We broke out of the forest overlooking the meadow where we had sat on the quilt and sipped juice. Before we'd gotten down the hill, Yuri appeared out of thin air.
“We're setting up a trap,” Prudence said as soon as we got to him. “We need some things from the Evil Empire.”
“What's with the scroll in the sky?” he asked. I'd gotten used to Prudence looking like a cartoon. I had to start all over with Yuri.
“It's the very ideal of bad documentation,” I said. “It's a bad example that documentalists can point to for years to come when they're talking about wretchedness.”
“Something to make grown people weep with frustration,” Prudence said.
“And there is some purpose to this?”
Prudence filled him in on our plan to trap the killer.
“There are still some things to set up,” I said. “We need to hook the parable up with some specific software. That's where we thought EES could help.

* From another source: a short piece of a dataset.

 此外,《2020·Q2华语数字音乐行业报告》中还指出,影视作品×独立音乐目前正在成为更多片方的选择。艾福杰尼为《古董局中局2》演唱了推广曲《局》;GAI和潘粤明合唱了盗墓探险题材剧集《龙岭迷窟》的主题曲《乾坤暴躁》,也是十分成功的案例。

And we need to let everyone know that Prudence is taking over operations at GP Ink. Hey, maybe you should rename the company P Ink.”
“Pink?” she asked.
“Well, maybe not.”
“This business of writing the documentation and then finding some software to go with it is very strange,” Yuri said.
“If that happens often, it would explain a lot,” I said. “I mean if the relationship between the software and the documentation is largely random.”

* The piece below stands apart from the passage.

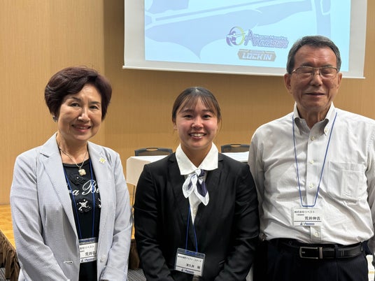 左から株式会社リベスト 荒井弘美様、津久井萌選手、株式会社リベスト 荒井伸吉様

“Okay, here's the story,” Yuri said, getting into his take-charge-kind-of-guy mode. “Prudence Deerfield is picking up the pieces. She's putting GP Ink back on its feet even though her brother Pablo is still missing. She's done her first project, and she's posting her documentation to the BOD list. She'll be open for business first thing tomorrow morning.”
“Will that give us time to get set up?” I asked
“I think so,” Yuri said. “I can have people at GP Ink in an hour if we need to make physical changes.”
“Secret cameras and such?”
“Why not?” he said.
“I probably should stay there hidden all the time,” I said. “Why don't you fix up Pablo and Gerald's office for that. We can move Prudence out front where she can be seen. We can watch her from the back office.”
Yuri got out his cell phone and went to work on the office.
“We still have to decide about the software,” I said.
“Gerald's was technical. Sadie's was an Internet browser,” she said. “Randy's was a game. Nathan's was a business program.”
“So the killer is all over the place,” I said. “Just about any program would do. Hey, how about a program that lets you come here?”
“I don't think we're ready to release this yet,” she said.
We kicked it around. We waited for Yuri to finish on the phone. We didn't come up with anything.
Yuri folded his phone. “Arrangements for the office are made. What did you decide to do about the software?”
“Nothing,” I said. “Look, the software in question doesn't even have to exist. We just need to say it does. It could be anything. What does EES have in the works?”
“I don't think we can afford to have our name linked to the worst documentation ever written,” he said. “I can provide behind the curtain stuff, but up front we need to be invisible.”
“GP Ink contracts,” I said. “We need a customer.”
“Let Dennis do it,” Prudence said. “It's perfect.”
She was right.
Dennis might well use GP Ink to document software he'd written and was ready to market. It would give at least one of us a good excuse for hanging around GP Ink, too.
“So what'll it be?” I asked.
“Well, I have this encryption idea,” Dennis said. “It involves disguising sensitive data as something else. You know, a list of secret chemicals as a recipe for chocolate cake or some steamy porno as a letter to your mom.”
“Hey, that's a good idea!” Yuri said. “Maybe when this is all over we should talk.”